Alternative asset management is growing. In fact, between 2017 and 2020, analysis by PwC shows this sector is expected to grow from US$11.2 trillion in assets under management (AUM) to US$13.9 trillion in 2020. Then things get really interesting. From there, the growth accelerates to reach US$21.1 trillion in 2025.
The main push is from a changing investment landscape, where the search for income is increasing. Real estate and infrastructure are set to be the fastest growing sectors, with infrastructure seeing a massive growth of 26.7% between 2017 and 2020, slowing to a still considerable 15% from 2020 to 2025.
Private equity is expected to expand by 6.3% and 9.8% respectively each year for the two periods, reaching a total of US$10.2 trillion in 2025, almost double the US$5.3 trillion reached in 2017.
The thing is, appetite for alternative investments is increasing at such a pace that investors cannot put money into these assets fast enough. The result is growing amounts of ‘dry powder’ cash – which is committed by funds and institutions, but not yet invested.
The more money there is to invest, the greater the fight for the best assets. To counter this, it is important to use technology to help traders becomes more able to identify and secure the best assets as soon as possible.
However, alternative assets are not easy to trade. You have a series of multi-layered compliance to work through, which takes time. Traders also need to consider the ‘what if’ scenarios more carefully, because of the long-tail nature of the investments being made.
This is where connected data can help with some of the heavy lifting. It can be used within compliance scoring to represent a trader’s strategy, with machine learning algorithms put in place to help any compliance officer assess that strategy and agree it in a much shorter time than you would without a technology intervention. It is a perfect example of humans and AI working together.
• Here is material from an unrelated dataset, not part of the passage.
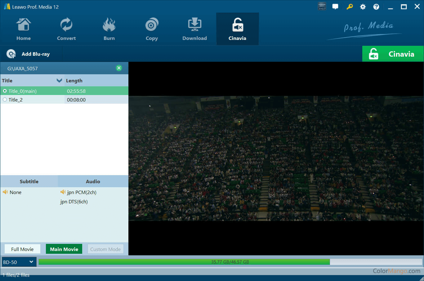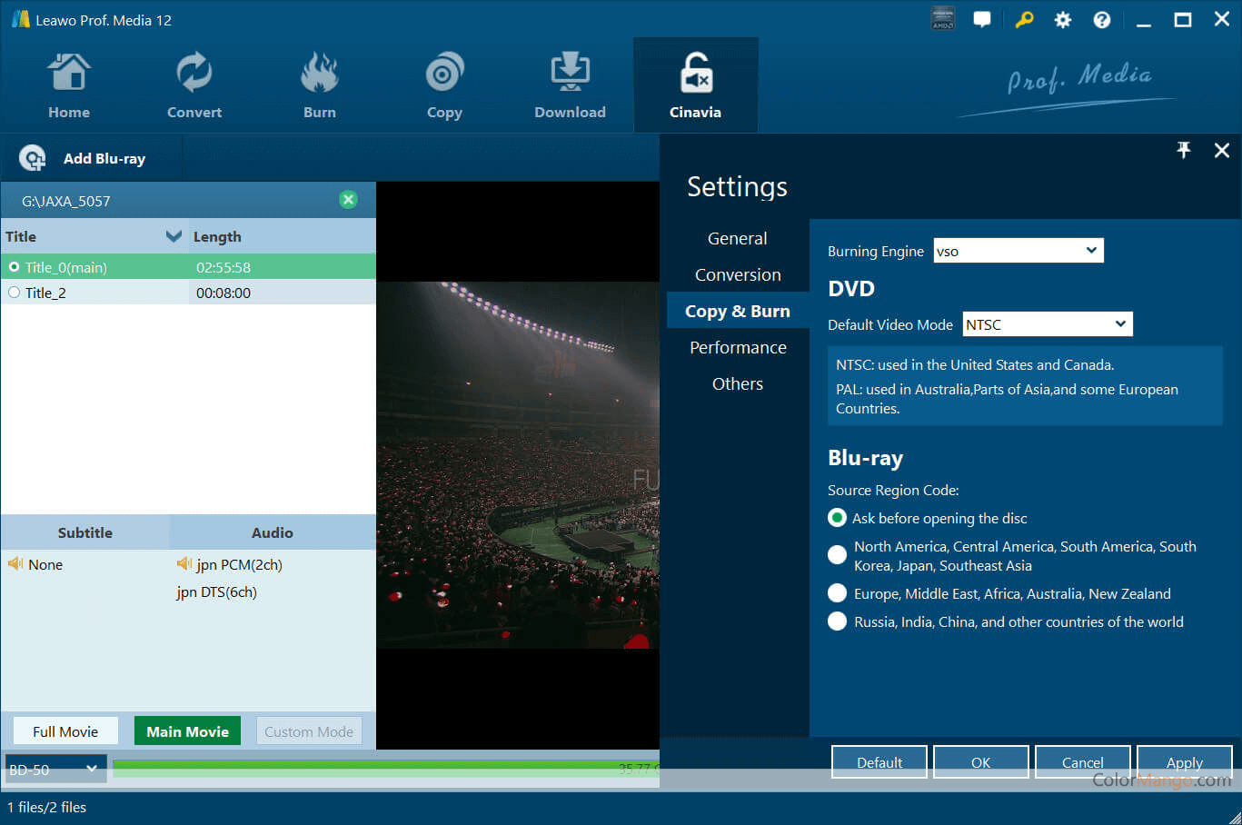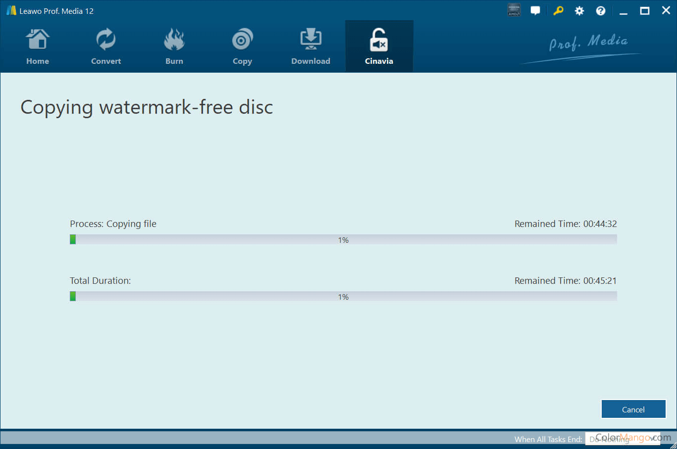 *Suppression de Cinavia : Leawo Blu-ray Cinavia Removal peut supprimer les filigranes Cinavia des disques Blu-ray, ce qui permet aux utilisateurs de regarder les films sans interrompre ou désactiver le son de la lecture.

Once refined, graphML techniques can be overlaid to assist the trader, with real-time recommendation of the best possible actions to achieve desired outcomes. This helps to improve time efficiency, supporting traders who are then able to achieve a higher workload in a shorter time, giving them the best chance of targeting the top trades before their competitors who are still using the old, traditional methods of analysis.
Of course, representing this information to the trader in a way that is simple, easy to understand and has vastly reduced potential for misinterpretation is a further challenge. But it can be done. When it is done effectively and you can automate some of the investment decisions, it creates a perfect scenario for growth for both the trader and the institution she is working with.